REQUIRED ACTION. In the entries below, repeat only the lines between those holding "Размер банданы - 0-1" and "全國(guó)重大事故隱患專", inclusive. Leave pictures out.

EXERCISE MATERIAL.
-=-=-=-=-

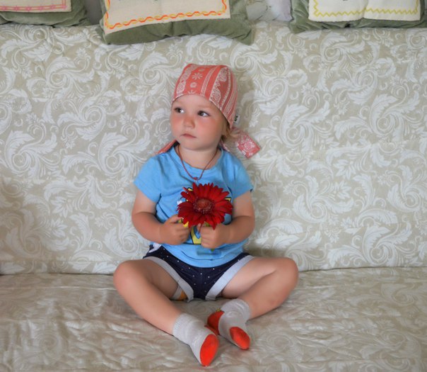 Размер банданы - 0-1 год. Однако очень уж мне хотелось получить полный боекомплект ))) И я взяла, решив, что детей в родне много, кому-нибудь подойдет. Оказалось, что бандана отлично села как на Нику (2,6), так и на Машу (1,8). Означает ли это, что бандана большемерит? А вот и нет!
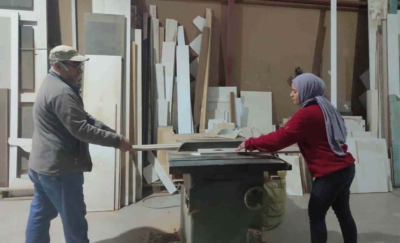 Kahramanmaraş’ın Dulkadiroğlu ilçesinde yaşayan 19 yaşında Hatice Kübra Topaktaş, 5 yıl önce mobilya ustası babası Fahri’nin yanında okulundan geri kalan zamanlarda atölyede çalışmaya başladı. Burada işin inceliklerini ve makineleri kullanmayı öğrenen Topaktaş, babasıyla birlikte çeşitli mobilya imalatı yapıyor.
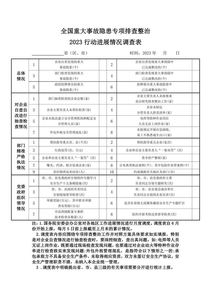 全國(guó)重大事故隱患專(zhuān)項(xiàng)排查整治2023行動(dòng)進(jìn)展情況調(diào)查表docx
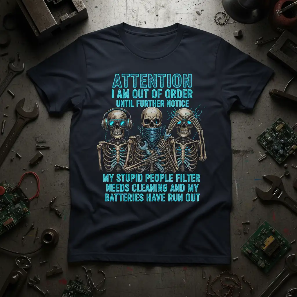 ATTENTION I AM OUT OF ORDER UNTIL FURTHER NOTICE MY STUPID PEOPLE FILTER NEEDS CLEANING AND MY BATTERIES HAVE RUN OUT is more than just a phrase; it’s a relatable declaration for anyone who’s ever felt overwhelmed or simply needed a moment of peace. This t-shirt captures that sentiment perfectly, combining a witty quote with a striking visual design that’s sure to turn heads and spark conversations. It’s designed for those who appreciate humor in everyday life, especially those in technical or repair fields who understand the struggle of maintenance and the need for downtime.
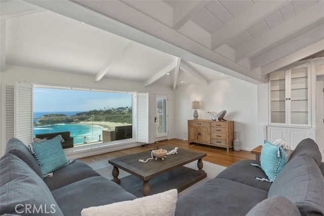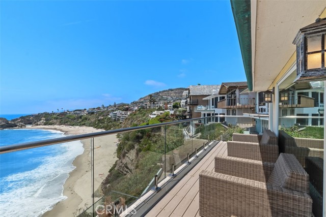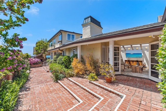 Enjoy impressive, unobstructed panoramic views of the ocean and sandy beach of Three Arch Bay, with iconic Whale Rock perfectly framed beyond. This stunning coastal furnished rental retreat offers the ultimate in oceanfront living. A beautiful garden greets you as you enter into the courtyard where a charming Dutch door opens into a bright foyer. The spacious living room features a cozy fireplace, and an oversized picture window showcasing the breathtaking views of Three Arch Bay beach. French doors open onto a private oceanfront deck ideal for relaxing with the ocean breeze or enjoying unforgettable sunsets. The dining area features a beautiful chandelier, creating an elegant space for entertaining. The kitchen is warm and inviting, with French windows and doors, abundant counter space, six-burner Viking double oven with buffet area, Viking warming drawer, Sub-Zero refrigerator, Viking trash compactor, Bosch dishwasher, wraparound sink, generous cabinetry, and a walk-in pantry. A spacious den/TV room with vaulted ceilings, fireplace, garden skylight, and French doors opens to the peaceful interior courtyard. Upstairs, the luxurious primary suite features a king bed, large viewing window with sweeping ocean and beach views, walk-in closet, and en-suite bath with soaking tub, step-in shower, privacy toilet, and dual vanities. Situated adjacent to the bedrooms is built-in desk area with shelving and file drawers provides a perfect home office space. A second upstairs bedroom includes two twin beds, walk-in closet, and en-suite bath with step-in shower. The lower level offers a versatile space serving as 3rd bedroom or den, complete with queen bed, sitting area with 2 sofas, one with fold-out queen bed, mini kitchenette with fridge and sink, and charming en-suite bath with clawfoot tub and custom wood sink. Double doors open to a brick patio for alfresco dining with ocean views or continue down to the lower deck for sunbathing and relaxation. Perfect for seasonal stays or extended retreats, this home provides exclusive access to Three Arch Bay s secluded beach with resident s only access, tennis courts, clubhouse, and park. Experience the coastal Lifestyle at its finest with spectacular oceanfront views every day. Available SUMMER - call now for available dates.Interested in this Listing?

-=-=-=-=-

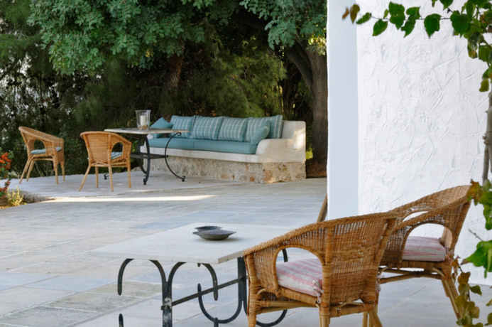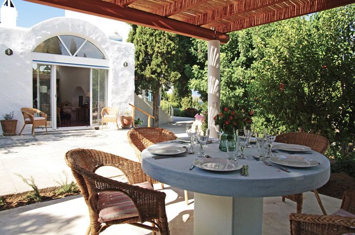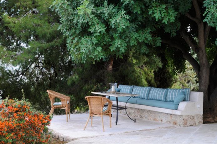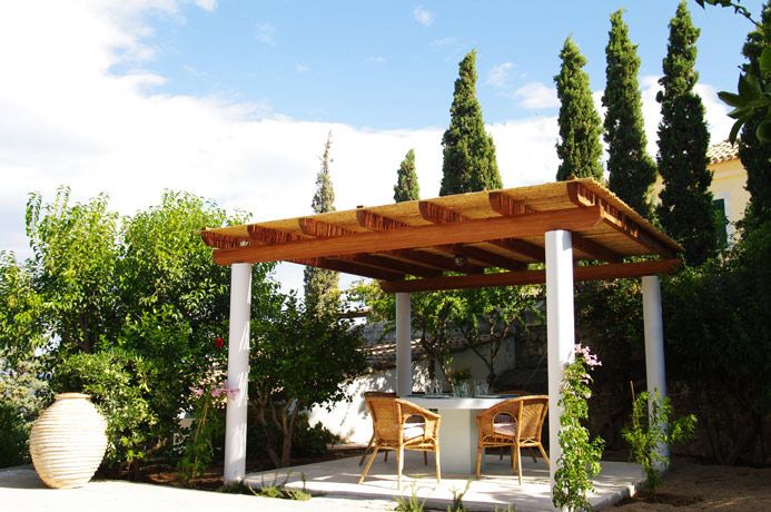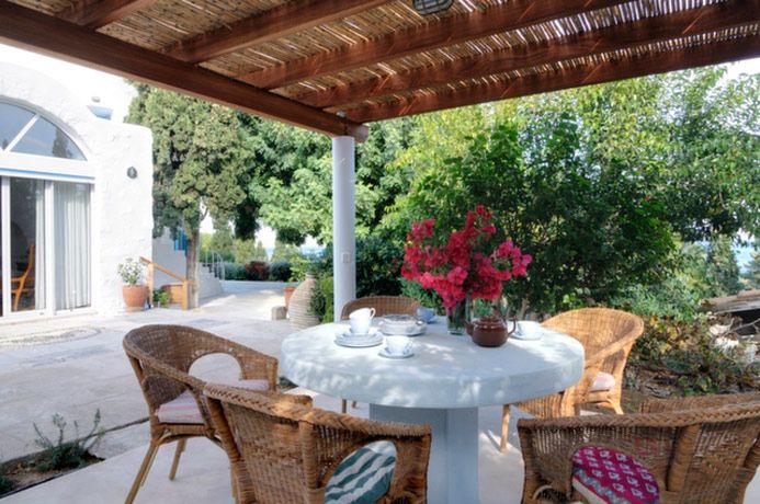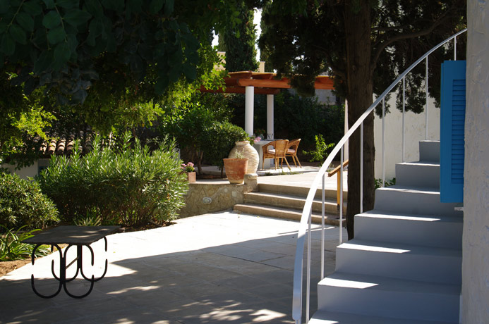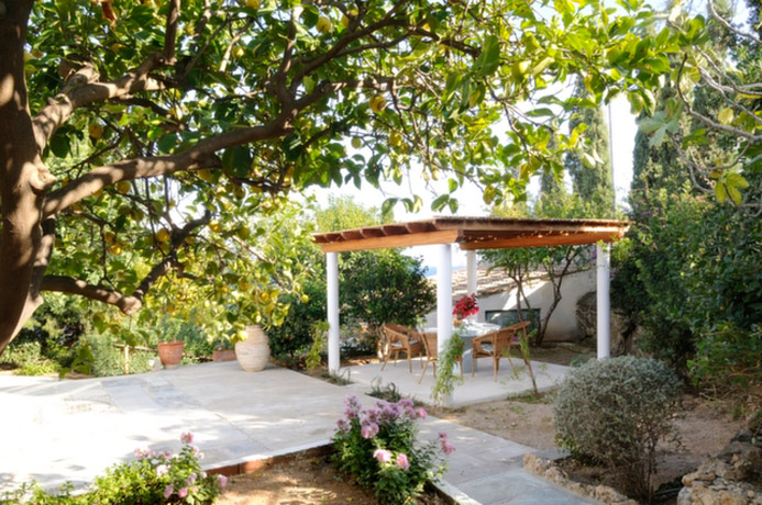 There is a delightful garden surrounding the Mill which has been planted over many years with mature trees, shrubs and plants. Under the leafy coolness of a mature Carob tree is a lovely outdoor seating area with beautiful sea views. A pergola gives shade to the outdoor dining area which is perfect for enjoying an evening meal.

-=-=-=-=-

RESPONSE AREA.
 Размер банданы - 0-1 год. Однако очень уж мне хотелось получить полный боекомплект ))) И я взяла, решив, что детей в родне много, кому-нибудь подойдет. Оказалось, что бандана отлично села как на Нику (2,6), так и на Машу (1,8). Означает ли это, что бандана большемерит? А вот и нет!
 Kahramanmaraş’ın Dulkadiroğlu ilçesinde yaşayan 19 yaşında Hatice Kübra Topaktaş, 5 yıl önce mobilya ustası babası Fahri’nin yanında okulundan geri kalan zamanlarda atölyede çalışmaya başladı. Burada işin inceliklerini ve makineleri kullanmayı öğrenen Topaktaş, babasıyla birlikte çeşitli mobilya imalatı yapıyor.
 全國(guó)重大事故隱患專(zhuān)項(xiàng)排查整治2023行動(dòng)進(jìn)展情況調(diào)查表docx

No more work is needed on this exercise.